Only the Databricks + Unity Catalog-specific failures are here. Generic MLflow, sklearn, and modeling advice intentionally lives elsewhere.

## Runtime Gotcha Matrix

| Area | MLflow 2.x | MLflow 3.x / newer Databricks guidance |
|------|------------|-----------------------------------------|
| Model artifact argument | `artifact_path="model"` is common | Prefer `name="model"`; `artifact_path` warns and may disappear later |
| UC lifecycle | Stages already deprecated for UC | Use aliases only: `@champion`, `@challenger`, custom aliases |
| Registry target | Workspace registry remains default unless changed | Still call `mlflow.set_registry_uri("databricks-uc")` explicitly |

---

## 1. Missing `mlflow.set_registry_uri("databricks-uc")`

**How it fails:** Silent. `register_model` succeeds, but the model lands in the legacy workspace registry, not Unity Catalog; Catalog Explorer cannot find it.

**Fix:** call this before any register or load:

```python
mlflow.set_registry_uri("databricks-uc")
assert mlflow.get_registry_uri() == "databricks-uc"
```

**Why:** MLflow keeps workspace-registry defaults for backward compatibility, so the API call can succeed in the wrong registry.

---

## 2. Not using a three-level UC model name

**How it fails:** Loud with UC registry (`INVALID_PARAMETER_VALUE`), but silent-wrong if you also forgot `set_registry_uri`: two-level names can register to the workspace registry.

**Fix:** always use `catalog.schema.model_name`.

```python
# Wrong
"my_model"
"my_schema.my_model"

# Correct
"my_catalog.my_schema.my_model"
```

**Why:** Unity Catalog models are securable objects under a catalog and schema; workspace-registry names are not.

---

## 3. Experiment artifact location is not a UC volume

**How it fails:** Usually loud later, not at setup: `log_model` or artifact upload fails with storage / permission errors. In older patterns, artifacts may silently land in DBFS root, which breaks UC governance expectations.

**Fix:** set a UC volume-backed artifact location when creating the experiment.

```python
mlflow.set_experiment(
experiment_name="/Users/me@company.com/forecasting",
artifact_location="dbfs:/Volumes/my_catalog/my_schema/mlflow_artifacts/forecasting",
)
```

**Why:** UC-enforced workspaces reject unmanaged DBFS-root artifact writes; UC volumes keep model artifacts governed and loadable.

---

## 4. Using legacy `Production` / `Staging` stages

**How it fails:** Silent or misleading. Stage APIs such as `transition_model_version_stage()` are deprecated / ineffective for UC models; aliases named `"Production"` may exist as labels but are not treated as lifecycle stages.

**Fix:** use UC aliases by convention:

```python
MlflowClient().set_registered_model_alias(name, "champion", version)
MlflowClient().set_registered_model_alias(name, "challenger", version)
```

**Why:** Unity Catalog model lifecycle moved from stages to free-form aliases; downstream loaders should use `models:/name@champion`.

---

## 5. Missing `CREATE MODEL ON SCHEMA`

**How it fails:** Loud. `register_model` raises `PERMISSION_DENIED: User ... does not have CREATE MODEL permission`.

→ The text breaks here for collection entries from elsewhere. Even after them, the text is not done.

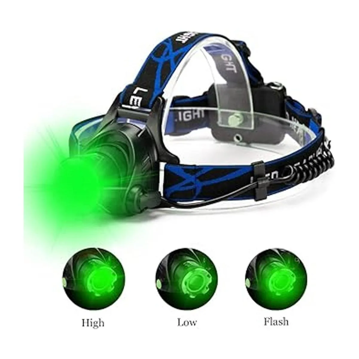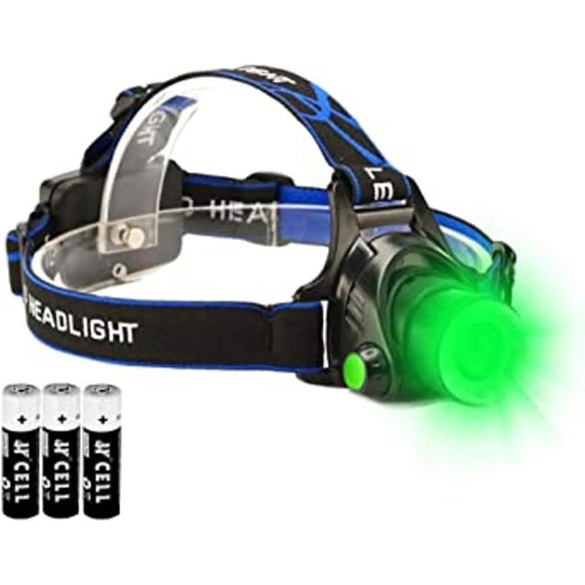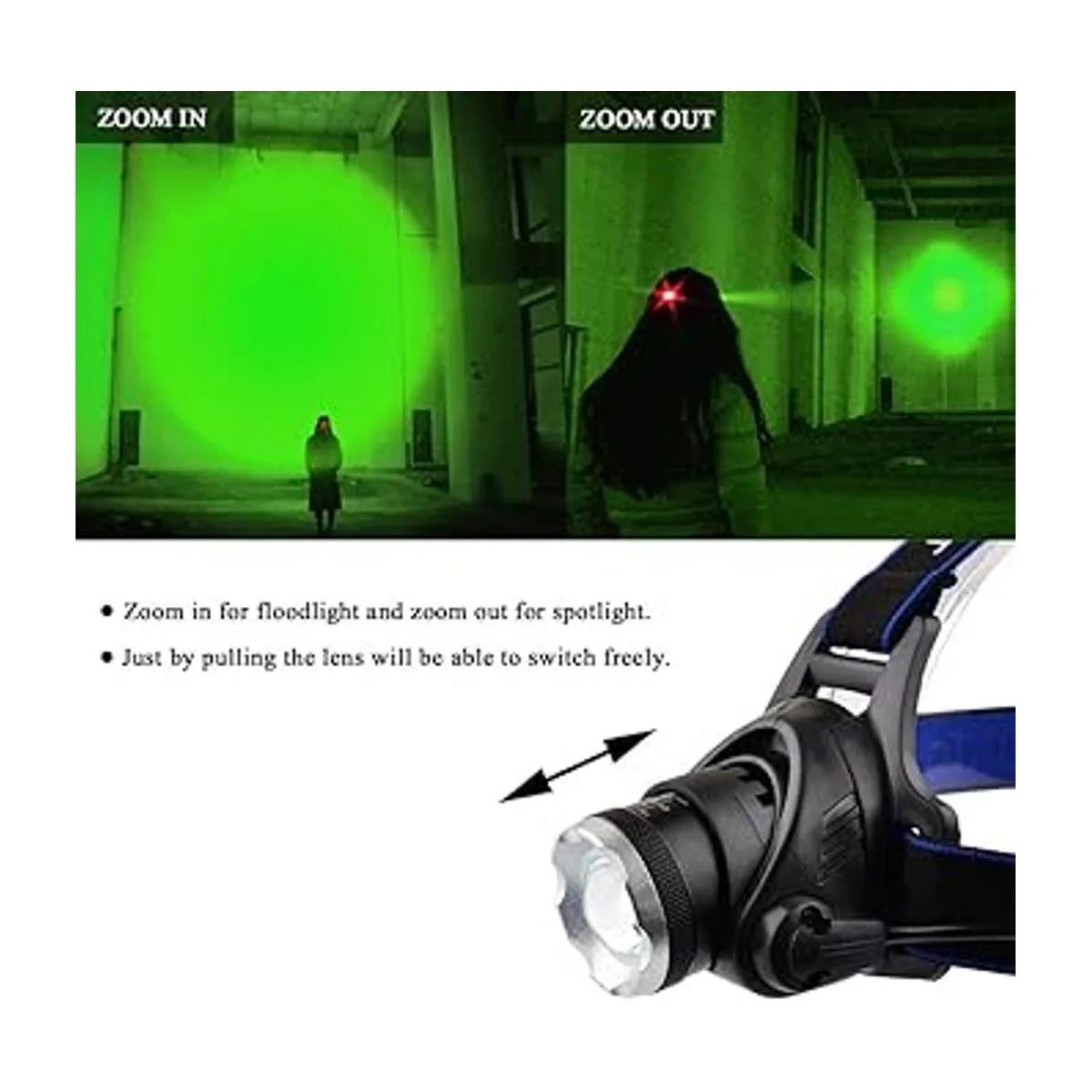 Linterna frontal LED verde impermeable con zoom y 3 modos, ideal para caza, actividades al aire libre, escalada, astronomía, etc. 1 paquete
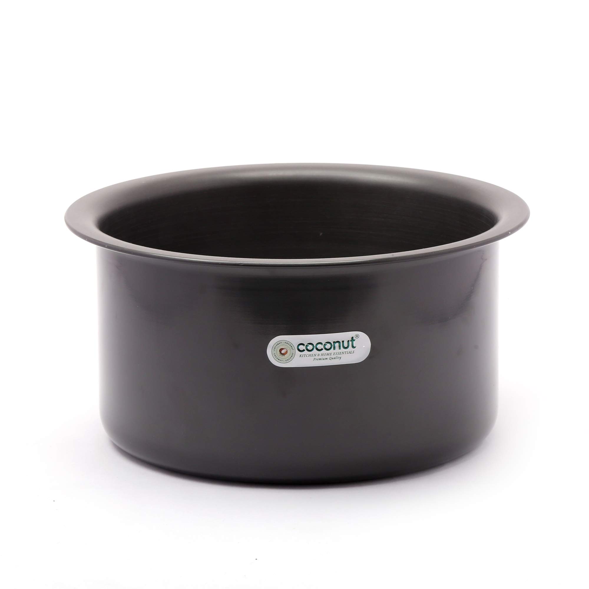 Coconut is range of Innovative and Quality Products for Home and Kitchen. This Hard Anodized Cookware products is crafted from material and designed for long lasting. This Cookware are highly durable Strong and Sturdy. It helps in even and quicker cooking which in perfect for daily cooking essentials for all kitchenware collections. The Diversified hard anodized ranges from Coconut includes Handi Tope Kadhai Tadka Pan and Saucepan. Product Content Hard Anodized Cookware Induction Bottom Tope set = 1 Unit Capacity - 1 Litre Gas Stove & Induction Base Top Compatible Black. Product Dimension (Size 10 - Width 17 cms &Height -8.5 Cms) Thickness 3.25MM & 4.2MM.
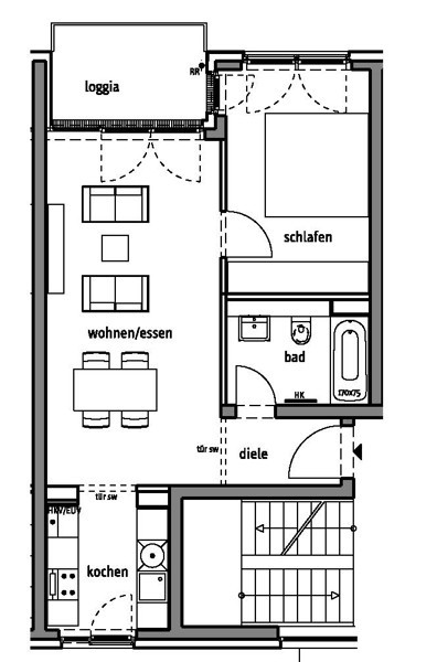Diese großzügige Etagenwohnung überzeugt mit stilvollem Eiche-Massivparkett und angenehmer Fußbodenheizung in sämtlichen Wohn- und Schlafbereichen. Die raumhohen Fenster erfüllen jeden Wunsch nach lichtdurchfluteten Räumen und verleihen dem gesamten Ambiente eine einladende Helligkeit. Die offen gestaltete Küche bietet vielfältige Möglichkeiten für individuelle Wohnideen. Das Schlafzimmer besticht durch seine beeindruckende Größe und sorgt für entspannte Rückzugsorte. Das elegante Bad ist mit Badewanne und WC ausgestattet. Besonderes Highlight ist die geräumige Loggia, die den Wohnkomfort perfekt abrundet und wertvolle Lebensqualität im Alltag schenkt.

**Fix:** ask the schema owner for the schema-level model-creation grant.

```sql
GRANT CREATE MODEL ON SCHEMA my_catalog.my_schema TO `user@company.com`;
SHOW GRANTS ON SCHEMA my_catalog.my_schema;
```

**Why:** `USE CATALOG` and `USE SCHEMA` are not enough; model creation is a separate UC privilege.

---

## 6. Assuming `ai_query` is batch inference for custom UC models

**How it fails:** Loud or wrong-primitive. `ai_query` calls serving endpoints; a UC-registered custom model is not automatically a serving endpoint.

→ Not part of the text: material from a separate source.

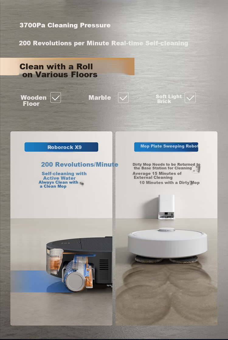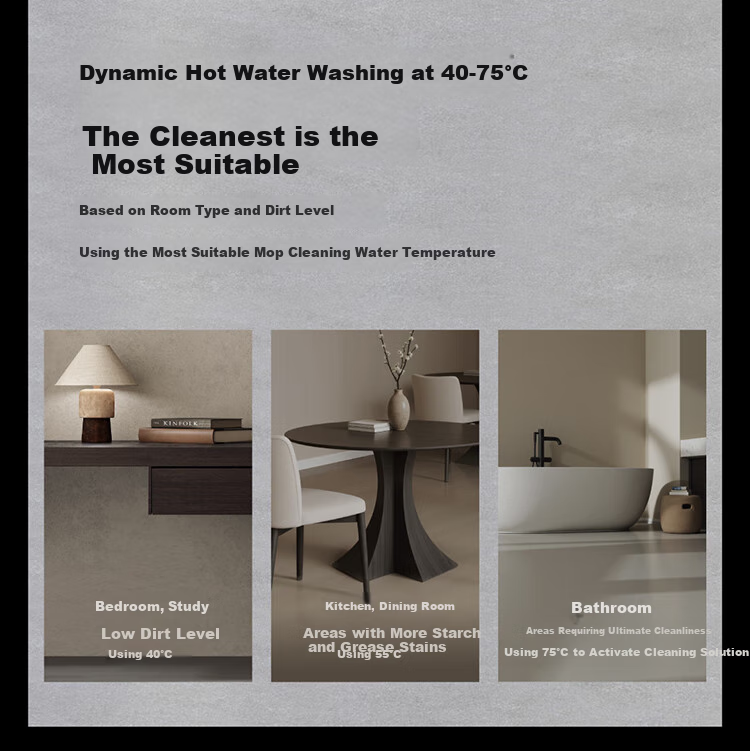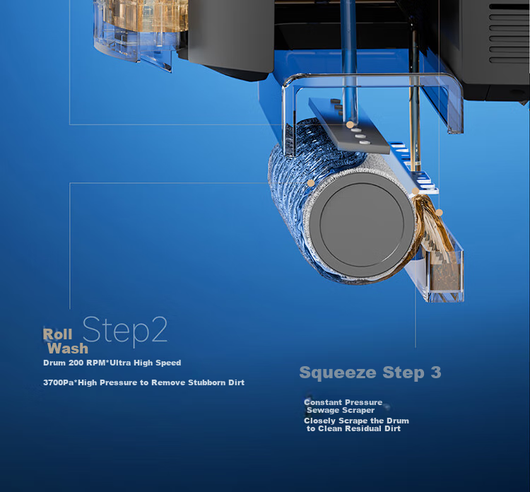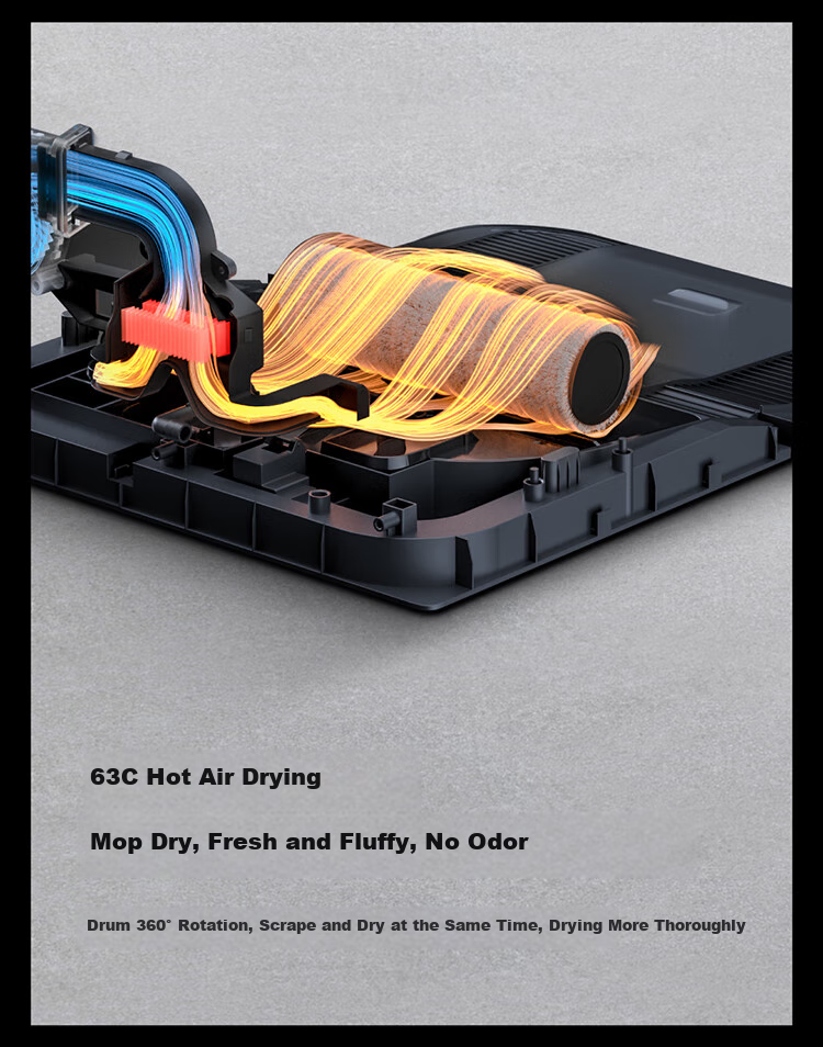 **Additional Features:** Offers 63°C hot air drying, self-cleaning mop, and a maintenance-free cleaning tank for convenience. Supports automatic liquid dispensing with a 200:1 golden ratio for optimal cleaning results.

**Fix:** for batch inference, use:

```python
mlflow.pyfunc.load_model("models:/catalog.schema.model@champion") # notebook / pandas path
mlflow.pyfunc.spark_udf(spark, "models:/catalog.schema.model@champion", result_type="double")
```

**Why:** registration and serving are separate. `ai_query` belongs to Model Serving / Foundation Model endpoint workflows, not ordinary UC batch scoring.

---

## 7. Constructing `spark_udf` inside a Lakeflow SDP function

**How it fails:** Often loud and slow: repeated model deserialization, serialization errors, or pipeline refreshes that hang / retry. Sometimes just silently expensive.

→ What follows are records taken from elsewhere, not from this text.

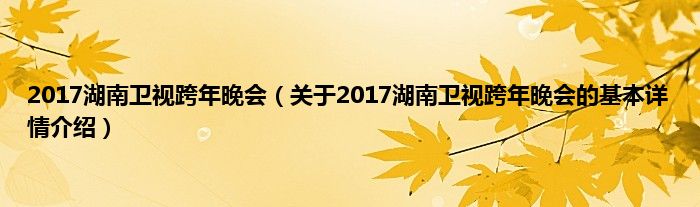 本文关于2017湖南卫视跨年晚会的基本详情介绍就讲解完毕,希望对大家有所帮助。
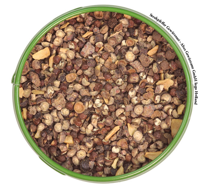 Verwendung: Geniale Pfeffermischung mit geröstetem Knoblauch für Steaks, Wild und Schmorgerichte. Für Steaks bitte frisch mit Hilfe einer Pfeffermühle mahlen.
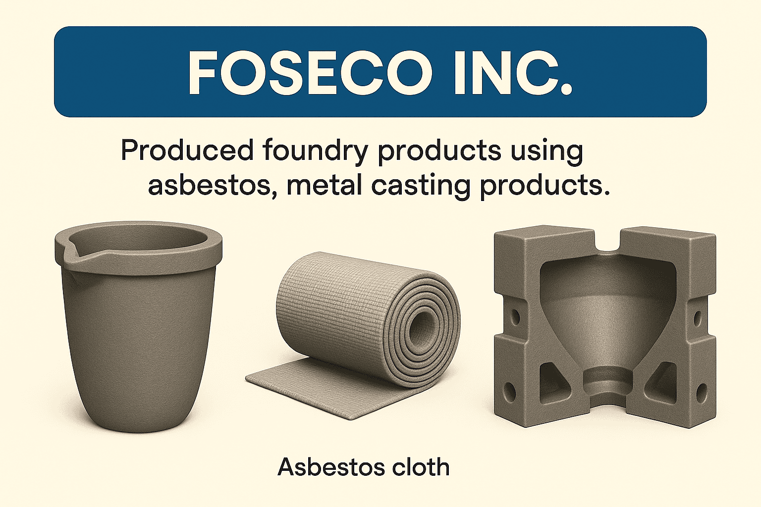 Foseco Inc. produced foundry products containing asbestos, exposing metal casters, mold makers, and plant workers to airborne asbestos fibers. These exposures occurred primarily during production, molding, and pouring operations in foundries, where asbestos was valued for its heat resistance and insulating properties.
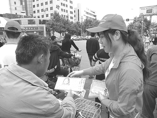8月24日上午,周口慈善总会爱心互助委员会的义工们走上街头,向行人发放 “微笑列车”唇腭裂修复免费项目宣传资料,并开展相关咨询服务活动。薛揄一行也到达了活动现场,并对慈善义工的宣传工作给予充分肯定。 (刘颖光 摄)

**Fix:** construct the UDF once at module scope and call it inside `@dp.table` / `@dp.materialized_view`.

```python
mlflow.set_registry_uri("databricks-uc")
predict_udf = mlflow.pyfunc.spark_udf(
spark,
"models:/catalog.schema.model@champion",
result_type="double",
)
```

**Why:** Lakeflow SDP can evaluate dataset functions repeatedly; model loading belongs at module import time, not inside the dataset function body.

---

## 8. Missing `mlflow[databricks]` extras outside Databricks compute

**How it fails:** Loud. Local laptop / CI / non-Databricks jobs may train and log, then fail on UC registration with missing cloud SDK imports such as `azure`, `boto3`, or `google.cloud`.

**Fix:**

```bash
pip install 'mlflow[databricks]'
# or
pip install 'mlflow-skinny[databricks]'
```

**Why:** UC registration stages artifacts through cloud-managed storage; the Databricks extras include the provider SDKs that plain `mlflow` may omit.

---

## 9. Using deprecated `artifact_path=` instead of `name=`

**How it fails:** Noisy now, possibly loud later. Newer MLflow warns that `artifact_path` is deprecated; future major versions may remove it.

**Fix:** prefer:

```python
mlflow.sklearn.log_model(
sk_model=model,
name="model",
signature=signature,
input_example=input_example,
)
```

**Why:** MLflow renamed the within-run model artifact argument; the value still becomes the path used by `runs:/<run_id>/model`.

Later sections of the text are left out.